LinkExtractorTransformer#

Beta

This feature is in beta. It is actively being worked on, so the API may change.

DocumentTransformer for applying one or more LinkExtractors.

Example

extract_links = LinkExtractorTransformer([
    HtmlLinkExtractor().as_document_extractor(),
])
extract_links.transform_documents(docs)

Create a DocumentTransformer which adds extracted links to each document.

Methods

__init__(link_extractors)

Create a DocumentTransformer which adds extracted links to each document.

atransform_documents(documents, **kwargs)

Asynchronously transform a list of documents.

transform_documents(documents, **kwargs)

Transform a list of documents.

Parameters:

link_extractors (Sequence[LinkExtractor[Document]])

Create a DocumentTransformer which adds extracted links to each document.

Parameters:

link_extractors (Sequence[LinkExtractor[Document]])

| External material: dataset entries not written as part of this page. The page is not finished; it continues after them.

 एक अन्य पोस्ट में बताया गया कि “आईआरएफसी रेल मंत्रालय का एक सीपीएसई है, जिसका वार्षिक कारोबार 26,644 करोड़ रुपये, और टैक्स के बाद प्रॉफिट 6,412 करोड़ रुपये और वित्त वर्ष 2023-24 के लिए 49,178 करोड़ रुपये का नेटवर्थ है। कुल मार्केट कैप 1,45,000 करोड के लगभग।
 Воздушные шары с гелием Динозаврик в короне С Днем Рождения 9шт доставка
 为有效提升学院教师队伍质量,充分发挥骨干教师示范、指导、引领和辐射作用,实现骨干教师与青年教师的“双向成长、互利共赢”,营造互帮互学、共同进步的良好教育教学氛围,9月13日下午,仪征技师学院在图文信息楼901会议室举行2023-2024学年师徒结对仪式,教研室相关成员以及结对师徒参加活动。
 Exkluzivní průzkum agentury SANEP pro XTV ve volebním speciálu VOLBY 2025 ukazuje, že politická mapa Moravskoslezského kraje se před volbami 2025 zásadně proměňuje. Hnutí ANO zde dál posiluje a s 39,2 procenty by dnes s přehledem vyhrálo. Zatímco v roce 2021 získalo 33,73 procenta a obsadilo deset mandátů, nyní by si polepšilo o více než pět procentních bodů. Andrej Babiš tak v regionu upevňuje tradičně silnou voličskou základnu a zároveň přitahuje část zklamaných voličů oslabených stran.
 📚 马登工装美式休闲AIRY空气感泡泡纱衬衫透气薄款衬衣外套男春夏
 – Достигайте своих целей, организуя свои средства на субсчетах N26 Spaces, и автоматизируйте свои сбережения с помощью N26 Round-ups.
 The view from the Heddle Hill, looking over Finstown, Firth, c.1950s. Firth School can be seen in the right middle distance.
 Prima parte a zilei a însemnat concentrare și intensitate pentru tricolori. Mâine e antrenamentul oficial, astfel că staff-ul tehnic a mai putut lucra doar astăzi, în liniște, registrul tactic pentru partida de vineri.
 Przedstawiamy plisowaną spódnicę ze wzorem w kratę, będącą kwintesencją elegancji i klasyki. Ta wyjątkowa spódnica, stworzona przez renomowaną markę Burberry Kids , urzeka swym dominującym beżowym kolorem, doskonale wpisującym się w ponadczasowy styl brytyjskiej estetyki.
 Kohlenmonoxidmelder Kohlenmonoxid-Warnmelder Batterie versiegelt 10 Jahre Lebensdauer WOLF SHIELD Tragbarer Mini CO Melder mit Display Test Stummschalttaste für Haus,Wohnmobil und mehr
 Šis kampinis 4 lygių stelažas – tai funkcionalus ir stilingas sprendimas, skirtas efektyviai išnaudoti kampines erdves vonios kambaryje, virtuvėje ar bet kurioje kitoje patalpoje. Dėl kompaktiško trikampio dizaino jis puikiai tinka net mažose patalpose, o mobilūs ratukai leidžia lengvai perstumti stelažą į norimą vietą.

Asynchronously transform a list of documents.

Parameters:
  • documents (Sequence[Document]) – A sequence of Documents to be transformed.

  • kwargs (Any)

Returns:

A sequence of transformed Documents.

Return type:

Sequence[Document]

Transform a list of documents.

Parameters:
  • documents (Sequence[Document]) – A sequence of Documents to be transformed.

  • kwargs (Any)

Returns:

A sequence of transformed Documents.

Return type:

Sequence[Document]